Diese militarisierte Gruppe griff seit dem 22. Januar 2001 Einheiten der nordmazedonischen Armee an, kontrollierte bald größere Gebiete im Norden und Westen des Landes und hatte sich im März desselben Jahres der Hauptstadt Skopje auf eine Entfernung von 20 Kilometern genähert. Es kam zu regelrechten Schlachten mit zahlreichen Toten auf beiden Seiten, und erst im August konnte der Konflikt durch das Ohrid-Friedensabkommen beigelegt werden. Xhaferi wurde auf Grundlage dieses Abkommens amnestiert und bekleidete ab 2013 sogar den Posten als Verteidigungsminister Nordmazedoniens. Nun stieg er gar auf den wichtigsten Regierungsposten auf.
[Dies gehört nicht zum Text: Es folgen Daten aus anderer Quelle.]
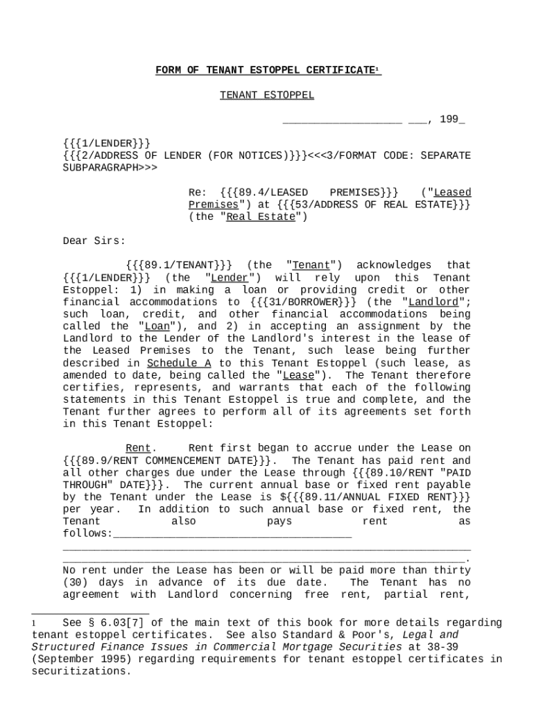 What is form of tenant estoppel

Nicht wenigen in Nordmazedonien kommt das alles wie ein böser Traum vor. Das Balkanland entstand durch den Zerfall des ehemaligen Jugoslawiens und wurde im Jahr 2001 zum Schauplatz bewaffneter Auseinandersetzungen zwischen albanischen Rebellen und der offiziellen Regierung der damaligen FYROM (ehemalige jugoslawische Republik Mazedonien). Unter diesem Namen fand auch die Aufnahme in die UN statt.
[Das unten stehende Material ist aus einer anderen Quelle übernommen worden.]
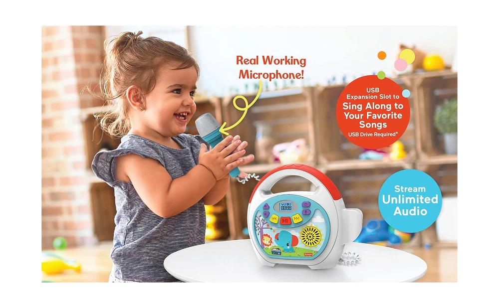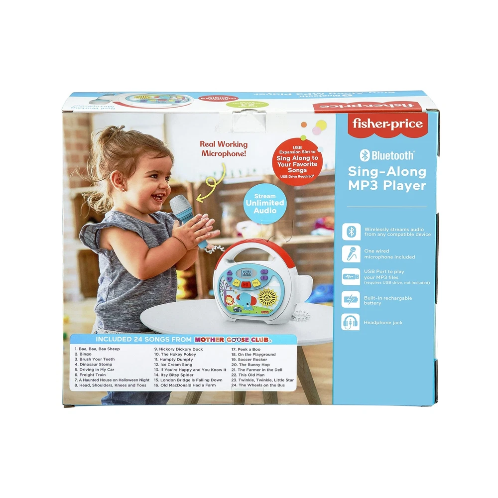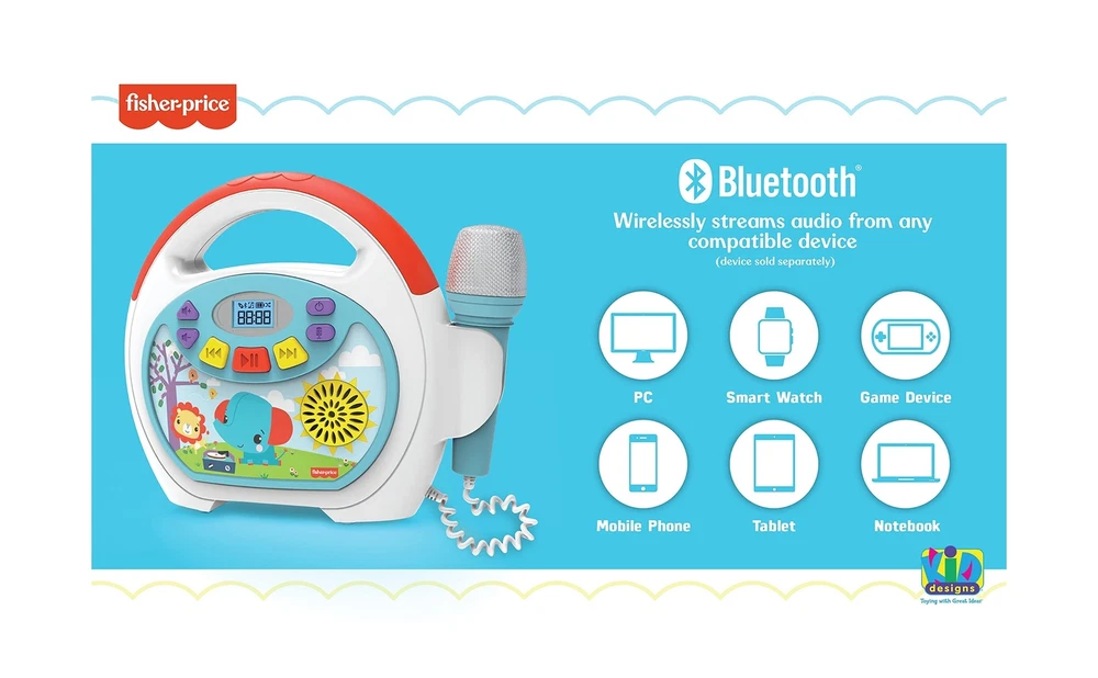 Brand New eKids Fisher Price Karaoke Machine, Portable Bluetooth Party Speaker with Microphone for Kids, Built-in Mother Goose Club Songs and Speaker with USB Port to Play Music Manufacturer model: FP-550 Bluetooth Boombox: Connect this party speaker to any compatible Bluetooth device and stream all your content wirelessly. Sing like a star to your favorite songs using the real working wired microphone. Built-in Music: Karaoke machine features 24 built in songs from Mother Goose Club, including 'Bingo', 'The Hokey Pokey', 'Itsy Bitsy Spider', 'The Bunny Hop, and more USB Audio Player: This music player for kids makes it easy to expand your content. Connect a USB drive and play your favorite songs from your music collection Kid-Friendly Design: Lightweight portable speaker with microphone includes a headphone jack, so you can listen to your content without disturbing others. Visit the ekids brand store to explore our headphone selection. The built in rechargeable battery means you can take this karaoke machine for kids anywhere (charging cable included) Perfect Gift: this kids karaoke machine will make the perfect gift or birthday present for children aged 3 and up. Visit the ekids brand store for even more cool products for kids! Description Shipping and Handling Please allow 5-7 business days for the package to arrive, regardless of buyer location within the US. We will provide an online tracking number to you once the item has been shipped. It may take a few business days for our automated system to process the tracking number onto eBay. However, this will not affect the shipping times. Return Policy All our products are brand new and sealed. All items qualify for returns within 30 days of receipt. Feedback We take our reputation seriously. If you have any questions or concerns, please contact us and we will respond back to your message within 24 hours.

Dies ist nicht der Wille der Bürger Nordmazedoniens, insbesondere nicht der Wille seiner Mehrheitsbevölkerung, sondern Folge von verfassungsrechtlichen Lösungen, die das Land unter dem Druck des Westens umsetzen musste, um sich der EU anzunähern und zum jüngsten Mitglied der NATO zu werden. Nach einem langjährigen Streit mit Griechenland, das jegliche Fortschritte des Balkanstaates in seinen euroatlantischen Bestrebungen verhinderte, erfolgten tektonische Veränderungen, die die Staatlichkeit und Souveränität Mazedoniens bedrohten.